Pennsylvania Code & Bulletin
COMMONWEALTH OF PENNSYLVANIA

• No statutes or acts will be found at this website.

The Pennsylvania Code website reflects the Pennsylvania Code changes effective through 54 Pa.B. 488 (January 27, 2024).

Pennsylvania Code



Subchapter G. NATURAL GAS DISTRIBUTION COMPANIES AND COMPETITION


Sec.


62.221.    Purpose.
62.222.    Definitions.
62.223.    PTC.
62.224.    POR programs.
62.225.    Release, assignment or transfer of capacity.

Authority

   The provisions of this Subchapter G issued under sections 501, 1501 and Chapter 22 of the Public Utility Code (66 Pa.C.S. § §  501, 1501 and 2201—12), unless otherwise noted.

Source

   The provisions of this Subchapter G adopted April 13, 2012, effective April 14, 2012, 42 Pa.B. 2159, unless otherwise noted.

§ 62.221. Purpose.

 To foster a competitive retail marketplace for natural gas service to customers eligible for SOLR Service, which is a class of customer that consists largely of residential and small business customers, it is essential that these consumers are able to compare the price of gas purchased from their incumbent NGDCs with that offered for sale by NGSs. This subchapter sets forth a number of regulatory changes which promote competition for natural gas supplies.

§ 62.222. Definitions.

 The following words and terms, when used in this subchapter, have the following meanings, unless the context clearly indicates otherwise:

   Act—66 Pa.C.S. § §  2201—2212 (relating to Natural Gas Choice and Competition Act).

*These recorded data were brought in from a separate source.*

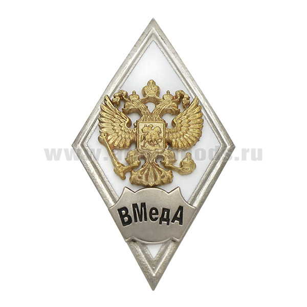 Значок мет. ВМедА (ромб РФ белый, орел без щитка) гор.эм.
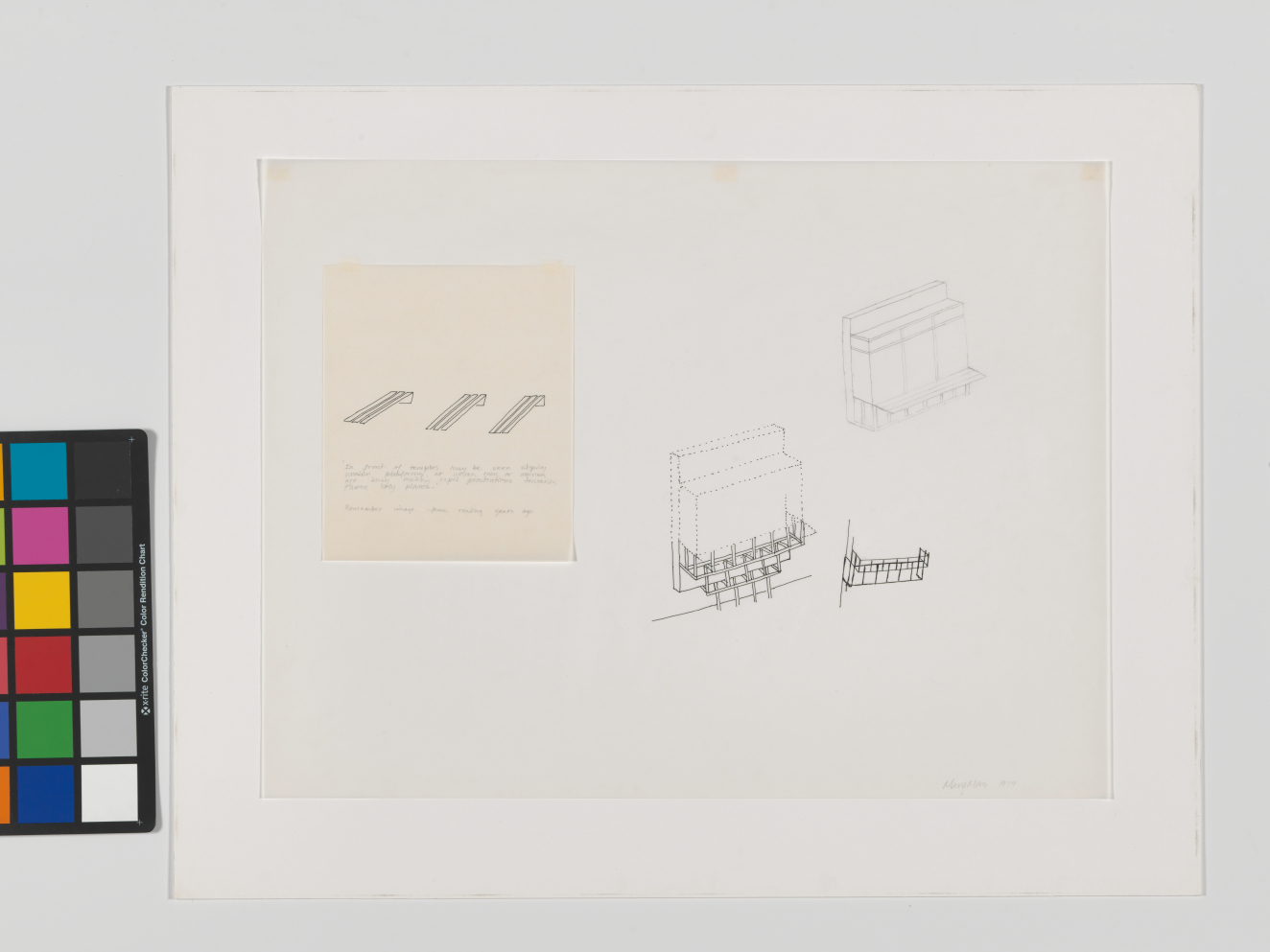 This major sculpture by Mary Miss (American, b. 1944) and its studies are from the Museum's permanent collection and are on view to complement the Chace gallery exhibition, Drawing Ambience: Alvin Boyarsky and the Architectural Association. Miss's work is represented in Drawing Ambience with a study for a site-specfic outdoor sclupture that she created for the Architectural Association School of Architecture (AA) in London's Bedford Square in 1987.
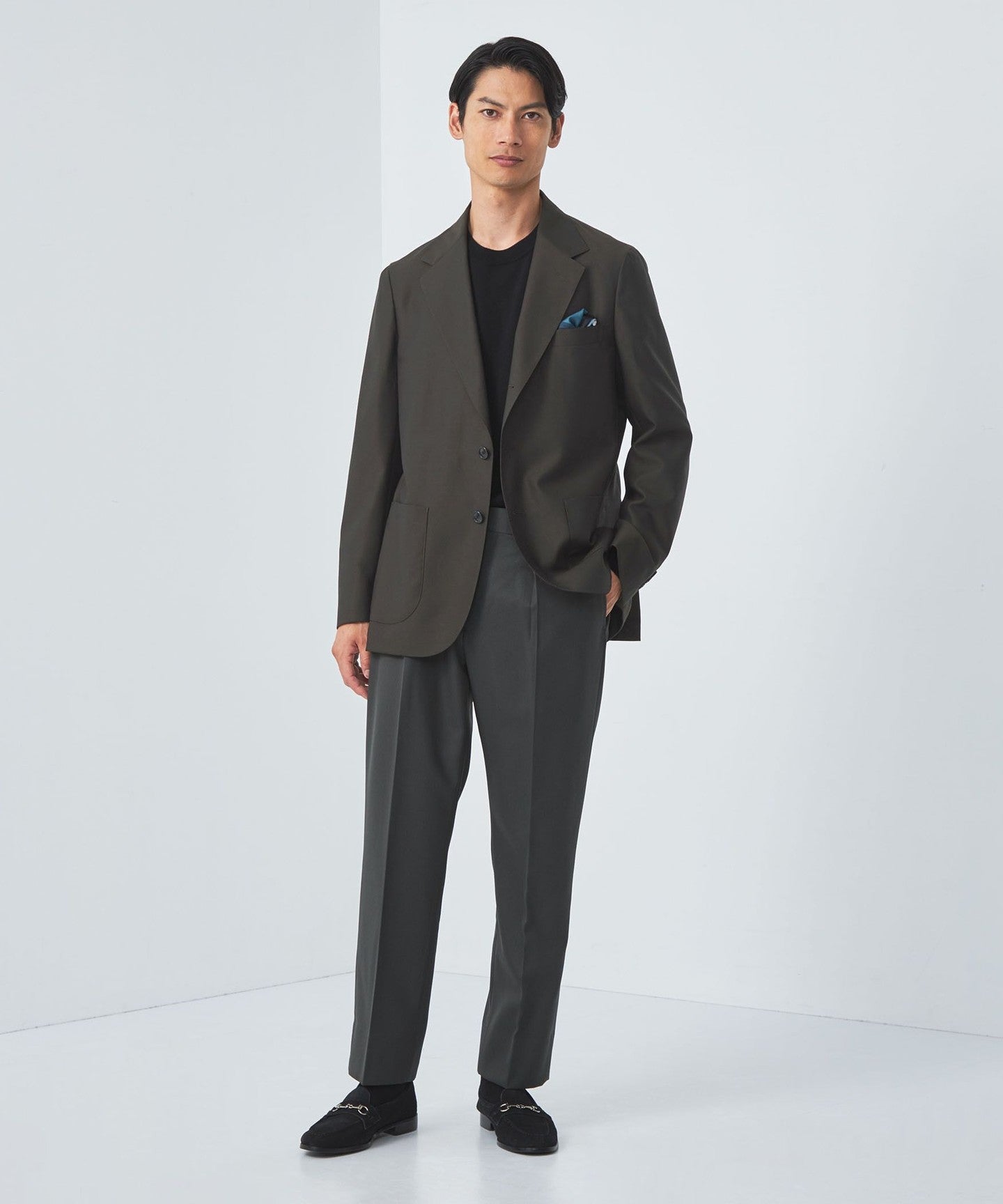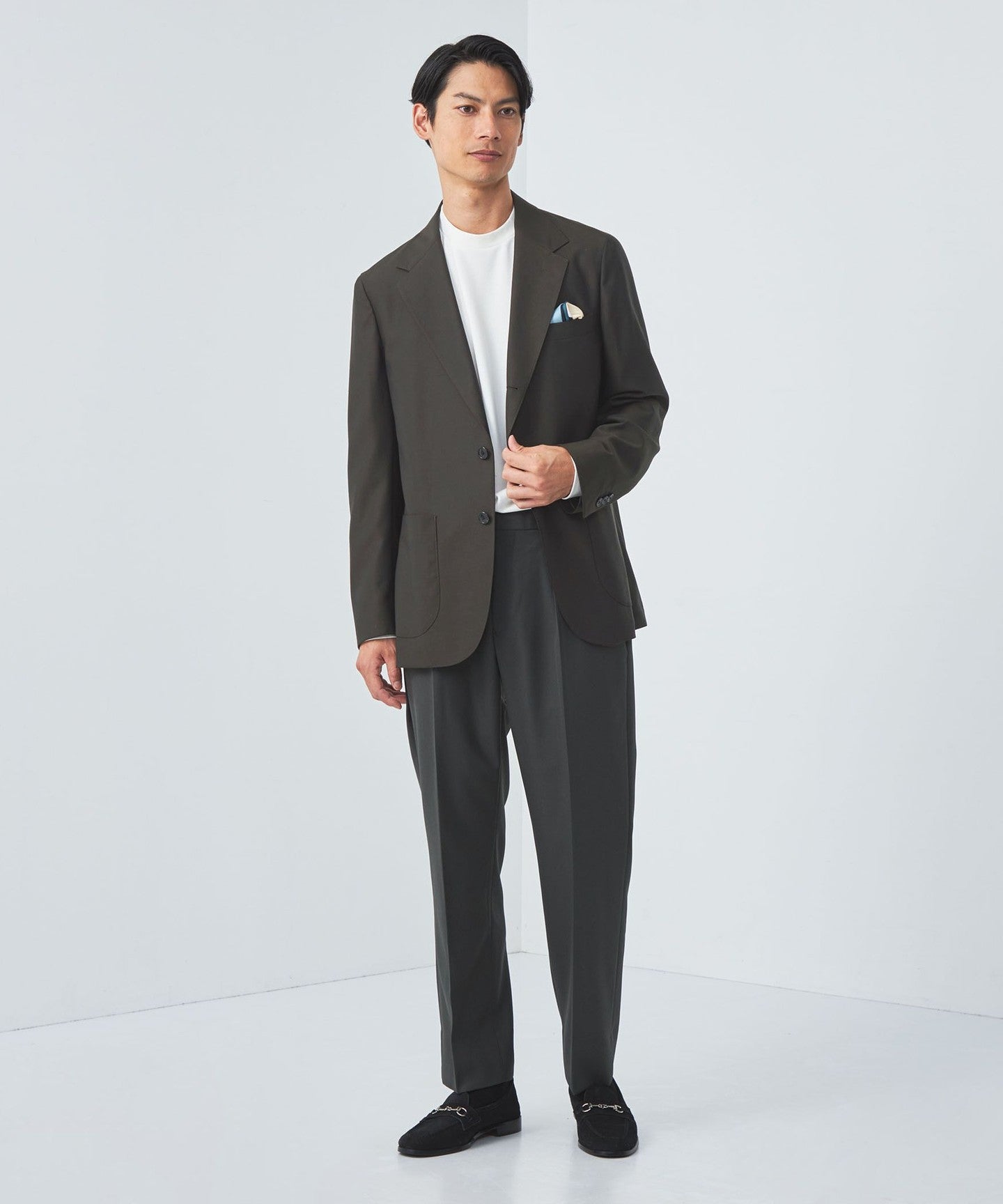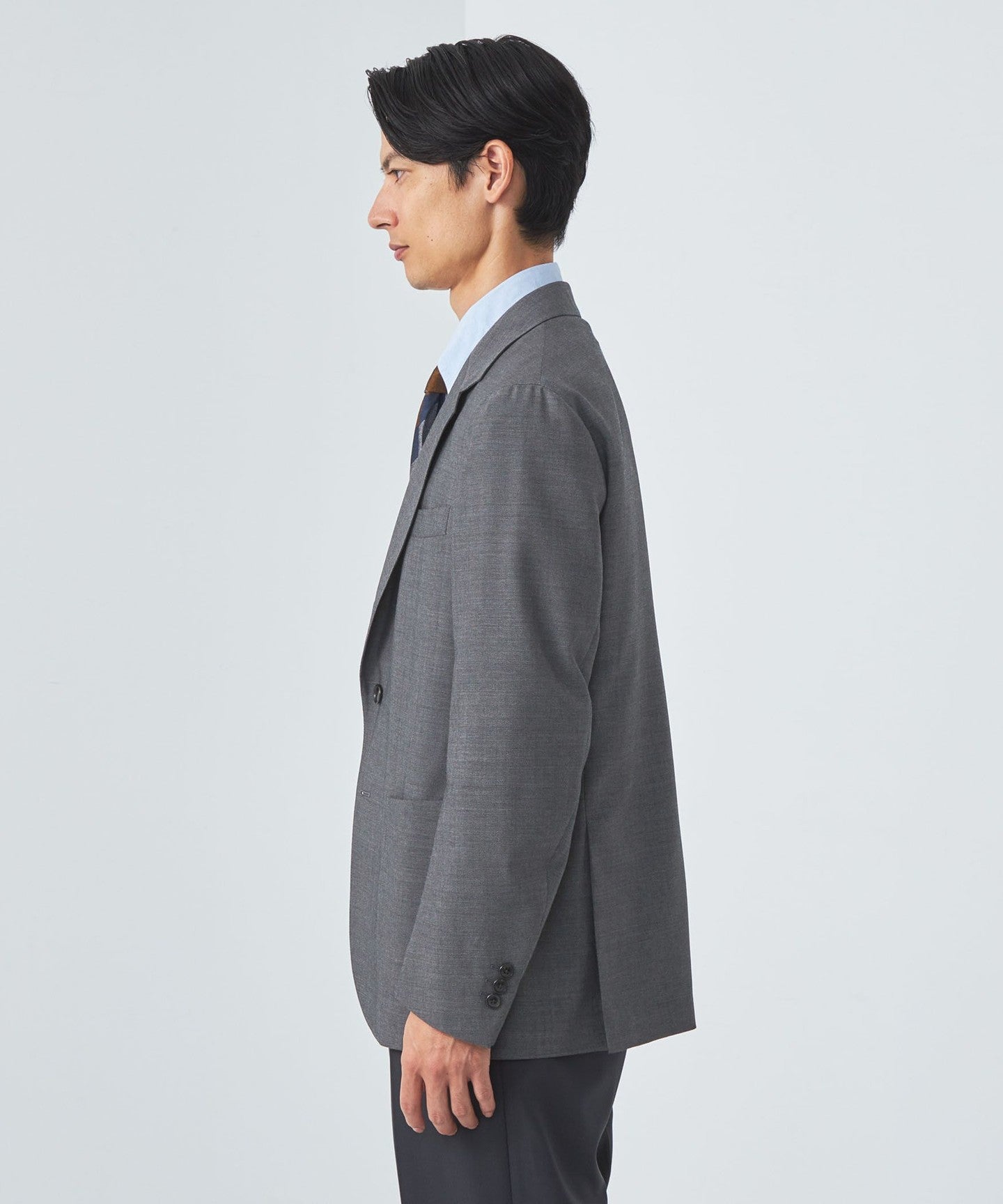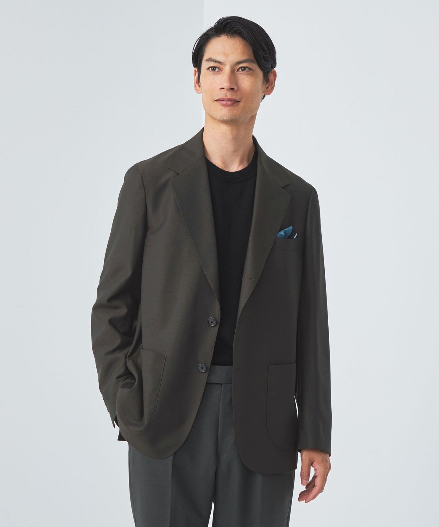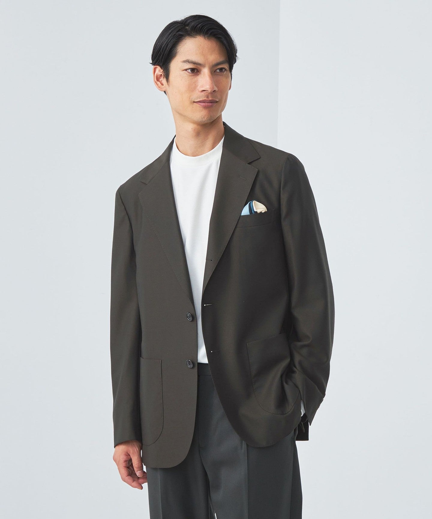 A three-button jacket made with Italian REDA fabric.

   Base rate—The customer charge, distribution charge and other rates that are established in a Section 1308 proceeding under 66 Pa.C.S. §  1308 (relating to voluntary changes in rates).

   Basic services—As defined in §  62.72 (relating to definitions).

   GPC—Gas procurement charge—An element of the PTC, expressed on a per MCF or dekatherms (Dth) basis, that reflects an NGDC’s natural gas procurement costs and removed from the NGDC’s base rate and recovered through a separate charge.

   MFC—Merchant function charge—An element of the PTC, expressed on a per MCF or Dth basis, that reflects the cost of uncollectibles associated with an NGDC’s natural gas costs.

   NGDC—Natural gas distribution company—As defined in section 2202 of the act (relating to definitions).

   NGS—Natural gas supplier—As defined in section 2202 of the act.

   POR—Purchase of receivables—A program by which an NGDC purchases the accounts receivable of NGSs.

   PTC—Price to compare—As defined in §  62.80 (relating to common natural gas competition terms).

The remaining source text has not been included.